For the love of poetry Part 2

And so lay the bed

There was once a clever woman of mixed blood, fluent in German, Hebrew and English, and schooled in the finest British schools of Tel Aviv, where her family lived in exile from Nazi Germany. Her parents were lovers of Epicurean culture, of great novelists, poets, composers. She went to an art school in London, travelled far and wide then returned to work as a copywriter in an advertising agency. With her third husband she met a much-feted poet and his poet wife.

The clever woman and her husband visited the two poets and their children in the countryside of Devon. While in the kitchen a secret kiss passed between her and the feted poet. A row broke out between the poet wife and the clever woman, over peeling of potatoes, a menial task, the clever woman preferred not to do, and so she marched into the garden and flirted with the feted poet next to some beanstalks.

Assia Wevill

Some six weeks passed until the clever woman met the feted the poet again and they began a passionate tryst. And at her workplace she would boast, ‘You know, in bed, he smells like a butcher.’ The mother poet discovered the affair. The feted poet refused to give up his exotic lover and her third husband, also a man of letters, attempted to die as he learned of their betrayal.

Sylvia Plath

The mistress of mixed blood landed in the arms of her lover who left his wife and children. Alas, soon the poet’s wife died. Lost and depressed, she took her own life. And so the mistress had to take over the caring of the poet’s children and the running of his house.

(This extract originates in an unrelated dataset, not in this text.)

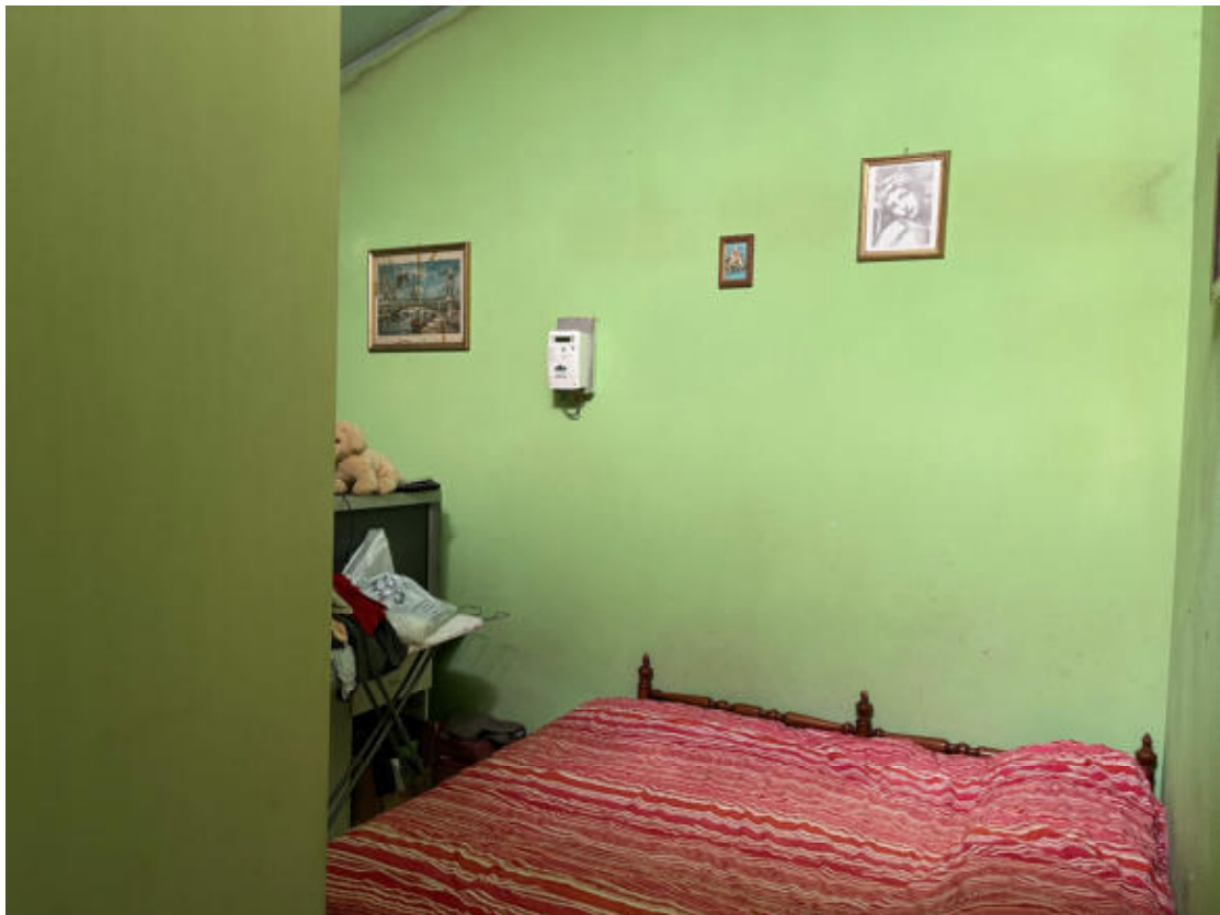
U.I. P1° - Camera/Pluriuso grande

A babe growing in her belly was aborted to avert any scandal.

Ted Hughes, Assia Wevill and Frieda, Hughes’ daughter with Sylvia Plath

She was unused to domestic chores and looking after children. So the poet typed her up a list: Do not stay in bed after 8am, do not wear a dressing gown around the house or take afternoon naps. Each week prepare a meal we have not had before. And teach the children German for an hour a day. He would cook in emergencies. The mistress bore a child, became devoted as a mother but as time went on the ghost of the poet wife took hold. The flawed and feted poet had more affairs to erase his guilt and grief.

The mistress despaired that the feted poet would never marry her. Publicly he denied their daughter as his own. His father refused to sit with her at dinner; his mother resented and shunned her. As her looks began to fade, she was alone with her child, had few work prospects and she lived in the shadow of the poet wife whose work now stunned the literary world. She became sad and leaden. She taped the kitchen door and window, took sleeping pills, turned on the gas stove. And as kitchen the filled with gas she lay with her young daughter on a mattress and that was where they died.

Assia Wevill and daughter Shura

Women were the normal sacrifice to art. In those days, men had art and women had babies. As a man, it was almost your duty to sap the vitality and female energy of those around you. Assia was serving a great artist.

Fay Weldon

People use each other 
as a healing for their pain. They put each other
on the existential wound,
on the eye, on the cunt, on the mouth and open hand.
They hold each other and won't let go.
Love song, Yehuda Armichai. Translated by Assia Gutmann

2 thoughts on “For the love of poetry Part 2

  1. Interesting blogpost, Ingrid. You have encapsulated the whole sad story so poetically. My novel, Capriccio’’, available soon from Cilento Publishers, is the story of that infamous love triangle from Assia’s viewpoint. It takes its title from the series of poems Ted wrote about Assia, called ‘Capriccio’.

  2. Thanks Dina. It felt important to write in a poetic tone. I will look up Hughes’ work ‘Capriccio’ and look forward to reading yours. An important view point to honour and an appropriate title. Congratulations on getting published!